Лиспенард был единственным владельцем, главным разнорабочим, конферансье и время от времени психотерапевтом по вопросам семьи и брака в «Пантехниконе Лиспенарда», крошечном грошовом цирке-шапито, который в летние месяцы объезжал север Канады, а зимой направлялся на юг. Сам Лиспенард был толстым человечком с дурной кожей, который в одеянии конферансье, на взгляд Хонимена, удивительно походил на Пингвина, заклятого врага Бэтмена.
Стоял июль 1969 года в Калгари, и лето уже миновало зенит, когда Хонимен обратился к Лиспенарду, рассудив, что это предприятие может предоставить ему работу, где он не будет на виду у властей, что казалось весьма и весьма привлекательным для беглеца-нелегала в стране, которая не была ему родной. Когда он попросил провести его к владельцу, ему сообщили, что Лиспенард освободится, лишь когда закончится вечернее представление. Хонимен купил билет и смирился с ожиданием.
Шатер был заполнен лишь наполовину. Удивительно, но места в первых рядах никто не занял. Хонимен сел прямо перед ареной, вознамерившись получить за свои деньги максимум удовольствия. Во время финала, когда Хонимен уже одновременно терял терпение и боролся со сном, его гальванизировало то, что он увидел первую настоящую любовь своей жизни, исполнительницу, с которой будет проводить каждый день следующих семи лет.

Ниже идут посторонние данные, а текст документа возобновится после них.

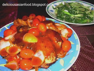 This dish takes me 1 hour to prepare and cook. I am still an amateur and take a longer time to prepare the ingredients and cook them. Briefly, what I have prepared is pan-fried chicken breast, blanched siew pak choy and pasta sauce. Each can be a dish by itself but this is sort of a fusion dish using western and eastern ingredients. In fact, this is the first time I cooked this dish and I was quite pleased! (I am usually quite fussy over the quality of food I cook. My wife will attest to that!)

Баронесса фон Хаммер-Пергстолл.
В центре шатра стояла двадцатифутовая башня с большой платформой на верхушке. Никакие скобы-ступеньки или веревочная лестница наверх не вели, подняться туда можно быть только на открытом подъемнике, приводимом в движение судорожно пыхтящим мотором. У основания башни ждал наготове большой квадратный складной контейнер со стальными, выложенными изнутри пластиком стенками. Потребовалось полчаса, чтобы заполнить его водой из пожарного шланга.
Лиспенард вразвалку вышел на середину арены.
— Дамы и господа, без излишних фанфар и ненужной рекламы позвольте представить вам вашему вниманию Баронессу фон Хаммер-Пергстолл — единственный ныряющий тягач Канады!
Вывели Баронессу. Ослепительно белая кобыла, исключенная за непригодность из «Испанской школы верховой езды» в Вене, была самой прекрасной лошадью, которую когда-либо видел сын фермеров Хонимен.
Лиспенард исчез. Клоун завел покорную Баронессу на подъемник. Наверх она поднялась безропотно. Так же мирно перешла на платформу. Там на мгновение замерла. И прыгнула.
Это было все равно что смотреть на Пегаса. У Хонимена перехватило дух.
Когда она приземлилась, соударение (как и планировалось) расплющило контейнер, расплескав воду на двадцать футов вокруг и залив ею первые три ряда.